Andreas Marneros, Psychiatrie-Professor an der Universität Halle-Wittenberg und Gutachter in Strafprozessen gegen rechtsextreme Gewalttäter, kritisiert zu milde Strafen. "Strafen auf Bewährung werden von rechtsextremen Gewalttätern als Sieg gefeiert. Die wissen gar nicht, was Bewährung ist. Die denken, sie wurden freigesprochen", sagte er kürzlich bei einem Expertentreffen. Und so würden milde Strafen mitunter als Ermunterung zu einer neuen Straftat missverstanden.
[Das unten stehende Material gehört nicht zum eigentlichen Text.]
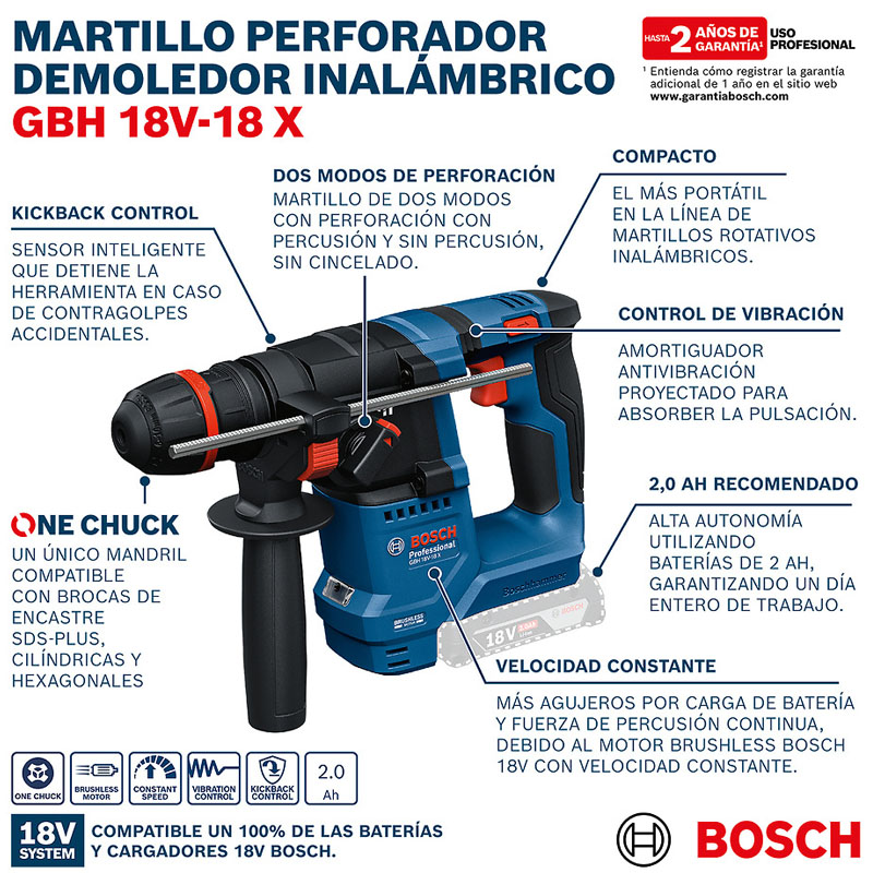 El Martillo Perforador Inalámbrico GBH 18V-148X BOSCH Mod. 06119271E0 es una herramienta profesional diseñada para ofrecer máxima potencia, control y eficiencia en trabajos de perforación y cincelado ligero. Desarrollado por Bosch, este equipo combina tecnología avanzada con un diseño robusto y ergonómico, ideal para trabajos en hormigón, mampostería y otros materiales de alta resistencia. Su sistema inalámbrico de 18V brinda total libertad de movimiento en obra, mientras que su motor de alto rendimiento asegura perforaciones rápidas y precisas con menor vibración. Es la opción perfecta para profesionales de la construcción, instaladores y técnicos que requieren desempeño confiable y duradero en cada proyecto.

Die Ministerinnen Blechinger und Kolb betonen denn auch, der Rechtsstaat müsse Stärke gegenüber extremistischen Schlägern zeigen, "die ihre Opfer nicht als Individuum, sondern als Vertreter einer von ihnen verhassten Gruppe angreifen". Auf Unterstützung durch ihre nordrhein-westfälische Amtskollegin Roswitha Müller-Piepenkötter (CDU) können die Ministerinnen im Bundesrat kaum zählen. "Die Gesinnung, die aus der Tat spricht, also etwa Ausländerfeindlichkeit, ist bereits nach geltendem Recht bei der Strafzumessung zu berücksichtigen", kommentierte sie den Vorstoß. Und FDP-Rechtsexpertin Sabine Leutheusser-Schnarrenberger sieht in den Plänen "die Gefahr von Gesinnungsstrafrecht". Jerzy Montag, rechtspolitischer Sprecher der Grünen, nannte den Vorstoß "Populismus von Landespolitikern". Man solle besser "die Justiz auf Trab bringen". Richter könnten bei rechtsextremistischen Straftaten schon jetzt bis an die Grenzen des Strafmaßes gehen." Nur: Das tun sie offenbar nicht. Vielleicht würde eine Gesetzesänderung, an der die Richter nicht vorbeikämen, da mehr bewirken als bloße Appelle.